## Text Summarization - (tf-idf)

#### STEP 1 : Data cleaning 
#### STEP 2 : Score of sentences (tf-idf)
#### STEP 3 : Summary Generation

## Initial Phase
### Importing Libraries and Reading Data 

In [1]:
### importing the necessary libraries

from nltk.corpus import stopwords
import numpy as np
import pandas
import nltk
import re
# from __future__ import division

In [2]:
df = pandas.read_csv('Data/tennis_articles_v4.csv')

In [3]:
print(df['article_text'])

for a in df['article_text']:
    print(len(a))

0    Maria Sharapova has basically no friends as te...
1    BASEL, Switzerland (AP), Roger Federer advance...
2    Roger Federer has revealed that organisers of ...
3    Kei Nishikori will try to end his long losing ...
4    Federer, 37, first broke through on tour over ...
5    Nadal has not played tennis since he was force...
6    Tennis giveth, and tennis taketh away.
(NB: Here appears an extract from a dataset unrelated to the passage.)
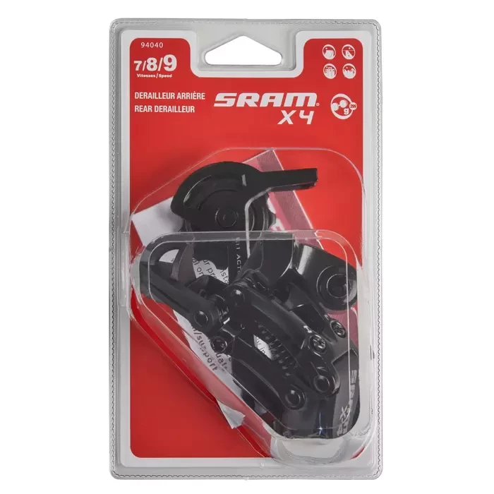 Dérailleur arrière SRAM X4 chape longue uniquement compatible avec manettes SRAM de 7 à 9 vitesses pour un passage de vitesse fluide et précis.

The end...
7    Federer won the Swiss Indoors last week by bea...
Name: article_text, dtype: object
1561
1331
2063
1341
2076
1545
1079
1833


### Tokenizing sentences into words which would be used for calculating tf-idf scores

In [4]:
### tokenized the sentences from the different news articles

from nltk.tokenize import sent_tokenize
s = ""
for a in df['article_text']:
      s += a
sentences = sent_tokenize(s)
# sentences

## STEP 1 : Data Cleaning
### Cleaning sentences, by removing Non Alphabet Characters and converting to Lower Case Letters

In [5]:
### pre processes the sentences by removing non alphabet characters and converting them to lower case letters 
### and stored in variable text

dict = {}
text=""
for a in sentences:
    temp = re.sub("[^a-zA-Z]"," ",a)
    temp = temp.lower()
    dict[temp] = a
    text+=temp
text

'maria sharapova has basically no friends as tennis players on the wta tour the russian player has no problems in openly speaking about it and in a recent interview she said   i don t really hide any feelings too much i think everyone knows this is my job here when i m on the courts or when i m on the court playing  i m a competitor and i want to beat every single person whether they re in the locker room or across the net so i m not the one to strike up a conversation about the weather and know that in the next few minutes i have to go and try to win a tennis match i m a pretty competitive girl i say my hellos  but i m not sending any players flowers as well uhm  i m not really friendly or close to many players i have not a lot of friends away from the courts  when she said she is not really close to a lot of players  is that something strategic that she is doing is it different on the men s tour than the women s tour  no  not at all i think just because you re in the same sport doesn

## STEP 2 : Getting tf-idf score of sentences
### Finding term frequency ( tf ) of words found in text

In [6]:
### calculated the frequency of the words found in text

stopwords = nltk.corpus.stopwords.words('english')
word_frequencies = {}
for word in nltk.word_tokenize(text):
    if word not in stopwords:
        if word not in word_frequencies.keys():
            word_frequencies[word] = 1
        else:
            word_frequencies[word] += 1
print (word_frequencies)

{'maria': 1, 'sharapova': 1, 'basically': 1, 'friends': 6, 'tennis': 12, 'players': 16, 'wta': 2, 'tour': 5, 'russian': 1, 'player': 2, 'problems': 1, 'openly': 1, 'speaking': 2, 'recent': 1, 'interview': 1, 'said': 11, 'really': 6, 'hide': 1, 'feelings': 1, 'much': 3, 'think': 8, 'everyone': 3, 'knows': 1, 'job': 1, 'courts': 2, 'court': 6, 'playing': 3, 'competitor': 1, 'want': 1, 'beat': 1, 'every': 3, 'single': 1, 'person': 2, 'whether': 2, 'locker': 2, 'room': 1, 'across': 2, 'net': 1, 'one': 4, 'strike': 1, 'conversation': 1, 'weather': 1, 'know': 3, 'next': 8, 'minutes': 1, 'go': 2, 'try': 3, 'win': 9, 'match': 7, 'pretty': 2, 'competitive': 1, 'girl': 1, 'say': 2, 'hellos': 1, 'sending': 1, 'flowers': 1, 'well': 2, 'uhm': 1, 'friendly': 3, 'close': 3, 'many': 3, 'lot': 5, 'away': 3, 'something': 1, 'strategic': 1, 'different': 4, 'men': 1, 'women': 1, 'sport': 1, 'mean': 2, 'categorized': 1, 'going': 2, 'get': 4, 'along': 2, 'interests': 2, 'completely': 1, 'jobs': 1, 'met': 1,

### Finding weighted frequency of the words

In [7]:
### finding weighted frequency of the words

max_freq = max(word_frequencies.values())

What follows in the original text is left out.